In the middle of room #11 in the Cleveland Clinic's surgical center, Diane Hire lies on an operating table, the back half of her shaven head hidden behind a plastic curtain. Four pins, one driven into either side of her forehead, the other two in back, hold a titanium halo fast to her skull. An anesthesiologist, several nurses and her psychiatrist cluster around the bed.
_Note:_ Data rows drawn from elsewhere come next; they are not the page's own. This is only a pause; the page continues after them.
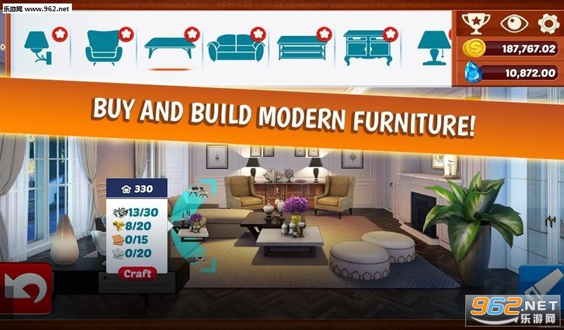 装饰栩栩如生的家!随着家具超过150点的选择,有无穷的组合!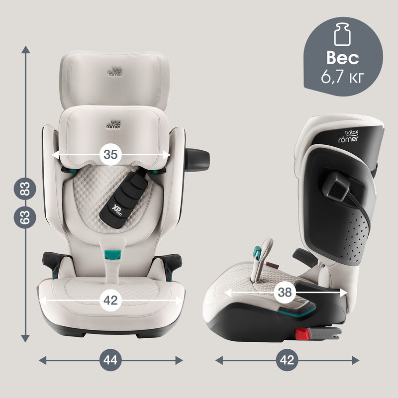 Автокресло KIDFIX PRO, сертифицированное по стандарту i-Size, отличается компактным корпусом шириной всего 44 см, что позволяет безопасно установить три таких кресла в ряд. Это особенно удобно для семей с несколькими детьми или для тех, кто часто перевозит в машине маленьких друзей своего ребенка.
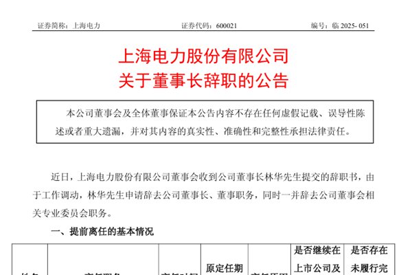 上海电力股份有限公司(简称:上海电力)近日公告称,公司已收到董事长林华先生提交的辞职书,由于工作调动,林华先生申请辞去公司董事长、董事职务,同时一并辞去公司董事会相关专业委员会职务。图源:上海电力公告 申明:本站发布此信息的目的在于传播更多信息,与本站立场无关。并且郑重提示所有阅读者,股市有风险,投资需谨慎,本文不作为任何投资的参考...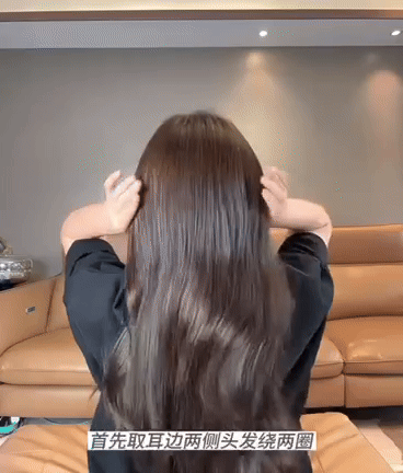 从耳朵两侧取出两撮头发,然后相互绕两圈形成类似麻花辫饼干。这个步骤能很好地修饰头型实现高颅顶,拯救后脑勺扁平头型。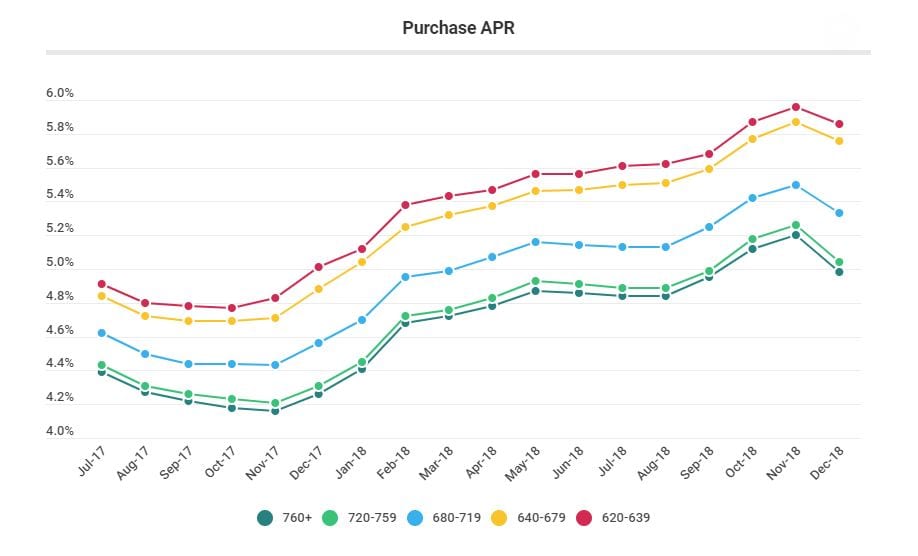 - Consumers with the highest credit scores (760+, representing the 65th percentile of borrowers) received an average APR of 4.98%, versus 5.33% for consumers with scores of 680 to 719. The APR spread of 65 basis points between these score ranges is higher than it was in November. For the average purchase loan amount of $224,609, the spread represents over $17,000 in additional costs for borrowers with lower credit scores over 30 years. The additional costs result from higher interest rates, larger fees or a combination of the two.

Behind the curtain, neurosurgeon Ali R. Rezai surveys Hire's brain, white and snaked with thin red arteries, through a pair of small holes he's drilled in the top of her skull. Because so few pain receptors are located in the brain, only local anesthetic numbs Hire's head. She is awake during the procedure—or as awake as she can be. For the past 20 years, she has suffered from severe depression, a crippling strain of the disease that afflicts as many as four million people. Years of therapy, at least 10 different drugs and six courses of the whole-brain shock technique known as electroconvulsive therapy (ECT) all failed to bring Hire lasting relief. Her final hope is this operation, a radical form of neurosurgery called deep-brain stimulation, or DBS. Whereas ECT—a treatment that's been demonized in movies like One Flew over the Cuckoo's Nest but is still used on roughly 100,000 patients a year—floods the brain with electricity from the outside, this technique delivers a smaller dose of better-targeted current to an area of the brain believed to be a key regulator of mood. Wires thread beneath the skin from their place in the brain and plug into two battery-run stimulators implanted in the chest. About the size of an iPod nano, each stimulator constantly pumps out current, bathing a small region of brain tissue in electricity. If ECT is the equivalent of slapping defibrillators against a heart-attack victim's chest, deep-brain stimulation is the pacemaker that prevents the attack in the first place.
On the operating table, Hire closes her eyes. Rezai slowly inserts a wire as thin as a fishing line through the left hole in her skull, using the halo as a guide. His team has already mapped out his route using a precise 3-D reconstruction of Hire's brain compiled from 180 MRI scans. His target is a chunk of neurons associated with energy and mood. After the tip of the wire is in the right spot, he repeats the process on the other side. Within 90 minutes of the first cut, Hire has two electrodes lodged in the center of her brain. Now it's time to charge them up. On the other side of the curtain, Donald A. Malone, Jr., Hire's psychiatrist, tells her that everything's ready. Malone has a clear, soothing voice and a comforting, boyish face. He's the kind of person you'd want to talk to if someone was about to shock your brain.
At his signal, two volts of electricity, enough to power a wristwatch, course through the wires and radiate outward from the tip a few millimeters in every direction. Millions of neurons bask in the electricity, and the effect is fairly immediate. Hire feels warm at first, a bit flushed.
And then it happens. The room looks brighter to her. The faces, the big, circular lights overhead, the ceiling—they all seem clearer. Malone asks her how she feels. "I'm really happy," she replies, clearly surprised. "I feel like I could get up and do all sorts of things." But even more telling than her words is the look on her face. For the first time in 20 years, with a halo bolted to her head and two freshly drilled holes in her skull, Hire smiles.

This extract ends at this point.